12.3.     Without prejudice to the generality of the foregoing, any NIAB Person who acts as a director, officer or employee of any body corporate any of whose shares or securities directly or indirectly form part of the income or capital of the Trust will:

12.3.1.  mutatis mutandis have the benefit of the exemptions from liability and entitlement to be indemnified contained in the foregoing provisions; and

12.3.2.  be entitled to be indemnified out of the income and capital of the Trust to the extent not prohibited by applicable laws and rules or the constitutional documents of the relevant body corporate in respect of all other liabilities (except those arising out of fraud or willful misconduct) incurred in connection with the relevant company or other body corporate.

13.        OUR LIABILITY

13.1.     We are not liable for any:

13.1.1.  indirect or consequential loss, damage, cost or expense;

13.1.2.  loss of actual or anticipated profits;

13.1.3.  loss of contracts;

13.1.4.  loss of use of money;

13.1.5.  loss of anticipated savings;

13.1.6.  loss of revenue;

13.1.7.  loss of goodwill;

13.1.8.  loss of reputation;

13.1.9.  loss of business;

13.1.10. loss of opportunity;

13.1.11. unauthorized, malicious or criminal act or series of related acts, regardless of time and place, or the threat of hoax of the same, involving access to, processing of, use of or operation of a Computer System;

13.1.12. any partial or total unavailability or failure of a Computer System;

13.1.13. the receipt or transmission of malware, malicious code or similar by us or any of our agents;

13.1.14. any failure or interruption of any service provided to us or any of our agents by an internet service provider, telecommunications provider or cloud provider; or

13.1.15. any failure or interruption of any service provided to us or any of our agents by any utility provider where such failure or interruption impacts a Computer System, arising out of our provision of the Services, whether or not those losses were reasonably foreseeable or if we had been advised of the possibility of them being incurred. For the avoidance of doubt, sub-paragraphs 13.1.2 to 13.1.15 apply whether those losses are direct, indirect, consequential or otherwise.

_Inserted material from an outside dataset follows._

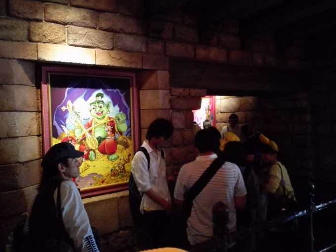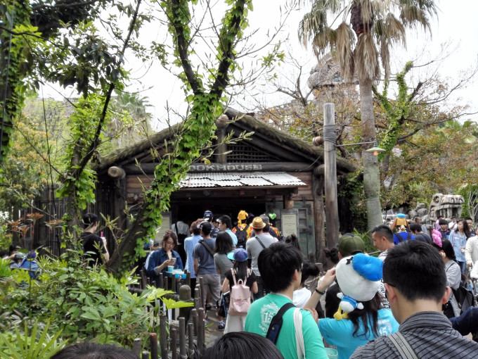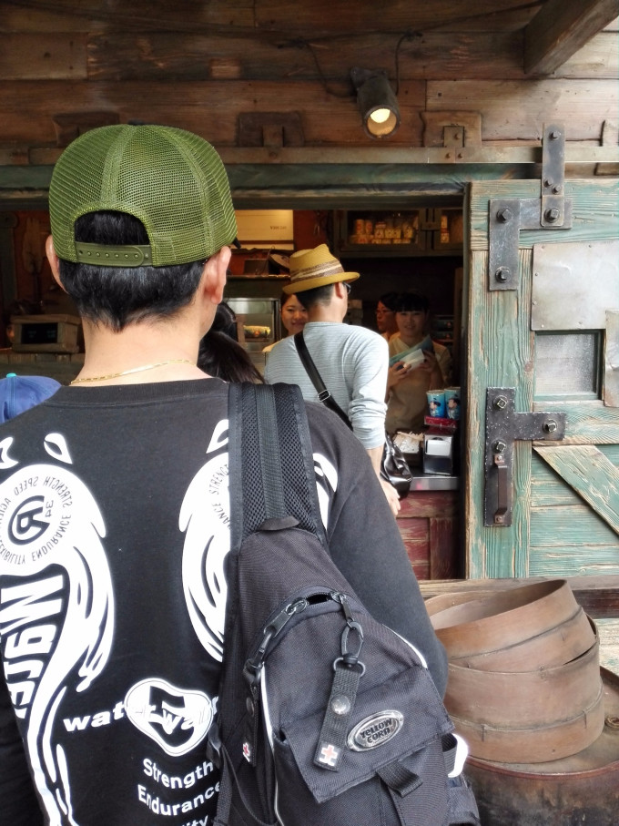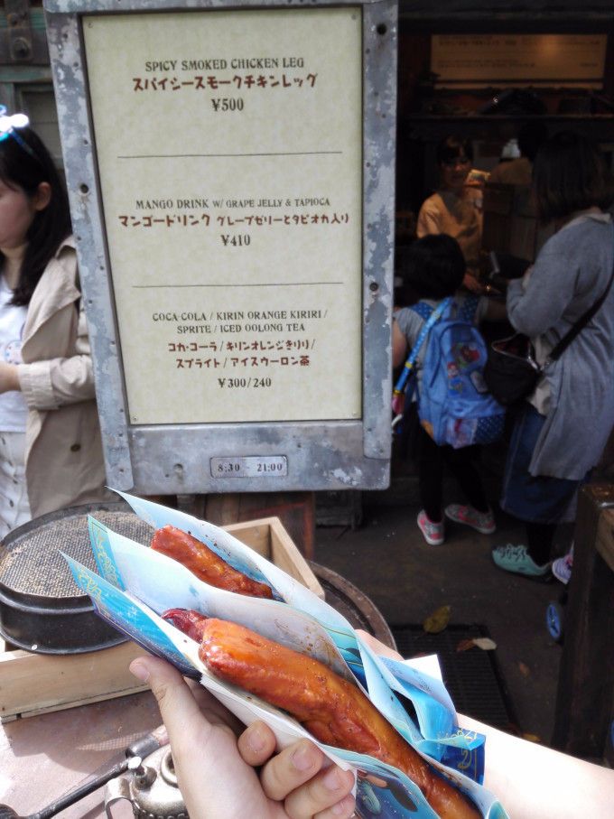 然后这里顺带再讲个插曲。就在暴风骑士旁边有个鸡腿店,据说是园区里最好吃的鸡腿,排队人数也有几十人(在迪士尼里面买支水都要排队),大概要排个7分钟,价格为500yen,味道确实很不错!我们建议如果想玩多点项目的小朋友就还是吃这些小吃吧!如果是餐厅,排队人数一点不亚于一个热门项目~

13.2.     If both us and a third party become responsible for the same liability, loss, cost or expense incurred, our liability is limited to a fair and reasonable proportion of that liability, loss, cost or expense based on the extent of our responsibility.

13.3.     We are not liable for any liability, loss, cost or expense that any person may incur due only to the act or omission of a third party. This includes:

13.3.1.  any third party or delegate instructed or appointed by us under Clauses 7.2 or 19.1, so long as we made such appointment and/or permitted its continuation in good faith and without neglect;

13.3.2.  where any document sent by or to us is delivered late or not at all due to the act or omission of courier providers, national postal services or other delivery or telecommunications providers;

13.3.3.  any act or omission of a bank or due to the insolvency of a bank or the failure of a payment system;

13.3.4.  any payment fraud perpetrated against the trustee of the Trust by a third party, so long as we acted in line with Clause 8 (Requests/Communication) in making any payment; and

13.3.5.  any reliance placed by a third party upon our provision of any Service or by any aspect of the work done by us being made available to that third party.

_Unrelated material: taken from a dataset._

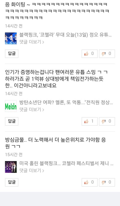 아미들은 일본같아 쿨한척하고 뒤통수 때리거든.블랙핑크 기사에 붙어서 상주하면서 그놈의 언플악플 달리면 공감수 파바박 올라가고 방탄언급하면서 블핑까내리면 또 공감수 확올라감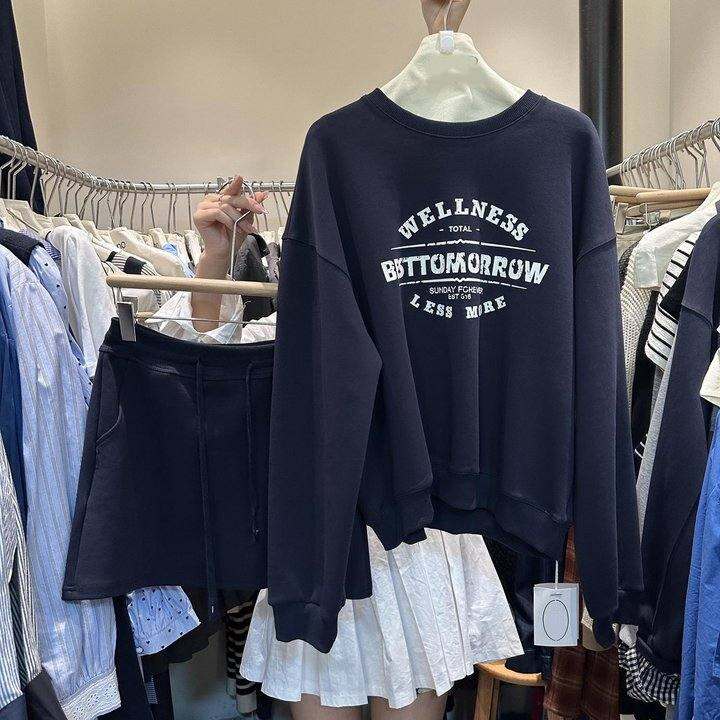 买的深蓝M码 很宽松的版型,蛮韩的,首页有晒单,留不留还在考虑,上衣有点太大了,领口对我这种方圆脸有点显脖子短😢

13.4.     We are not liable for any liability, loss, cost or expense that any person may incur because of us deciding (in our discretion, acting reasonably) that any structure or arrangement that includes or involves the Trust is reportable to a competent authority under applicable laws and rules.

14.        CONFLICTS OF INTEREST

14.1.     We maintain policies and procedures to identify and manage conflicts of interest. We also train our Representatives on the importance of this. The actions we take to manage a conflict of interest depend on the particular circumstances but may include:

14.1.1.  giving notice of the conflict of interest;

14.1.2.  (if we provide directors to the trustee of the Trust):

(a)    the director abstaining from voting on a decision;

(b)    removing the director from discussions relating to that decision; or

(c)     the director resigning in favour of another person (including a NIAB Person) if the conflict of interest is likely to be ongoing;

14.1.3.  applying internal procedures to maintain confidentiality and independence of advice and meet the requirements of applicable laws and rules; and/or

14.1.4.  taking any other action that we decide is appropriate or that is otherwise agreed. This may include resigning from the trusteeship if we do not believe the conflict of interest can be appropriately managed.

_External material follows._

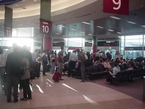 搭乗手続きが始まりました。このように搭乗ゲート付近はかなり混雑していました。

14.2.     It is acknowledged and agreed that:

14.2.1.  our services are not exclusive to the Trust. We may provide similar services to other persons on any matter without the prior approval of any client or entity;

14.2.2.  we may provide services to a person whose interests may conflict with the interests of the Trust. Any right to request us or any other NIAB Person not to act (or to cease acting) in those circumstances is waived. We may retain all remuneration and benefits received by us when acting otherwise than as trustee of the Trust and we are not liable to account to the Trust for any profits (whether disclosed or not) derived from acting for other persons;

14.2.3.  no NIAB Person is under a duty to disclose any information:

(a)    acquired by the provision of services by any NIAB member to another person;

(b)    the disclosure of which would be against applicable laws and rules;

(c)     which comes to the attention of any NIAB Person but which does not come to the actual attention of any of our Representatives who deal with the Trust; or

(d)    which has been shared with us in good faith for the purposes of ascertaining whether or not we have a conflict of interest;

14.2.4.  we may need to obtain legal advice or other services from other NIAB members if:

(a)    a conflict of interest arises or continues. If so, we will make reasonable arrangements to protect confidential information; and/or

(b)    we decide (acting reasonably) that such advice is required for the benefit of the Trust. While we will generally seek legal advice from other NIAB members, we retain the discretion also to seek legal advice from any law firm or other adviser which is not a NIAB member;

14.2.5.  we have retained or may retain one or more NIAB members to advise us in our personal capacity in respect of the Trust. If a conflict were to develop that would prevent any NIAB member acting for us in our personal capacity on the one hand and us in our capacity as trustee of the Trust on the other, we reserve the right to terminate our retainer with the relevant NIAB member in our capacity as trustee of the Trust and to continue to retain the relevant NIAB member to advise us in our personal capacity only; and

14.2.6.  the partners of NIAB are the ultimate beneficial owners of NIAB. Those partners have a financial interest in fees received by us for providing the Services. Any right or claim against any NIAB Person arising directly or indirectly from that disclosed interest is waived.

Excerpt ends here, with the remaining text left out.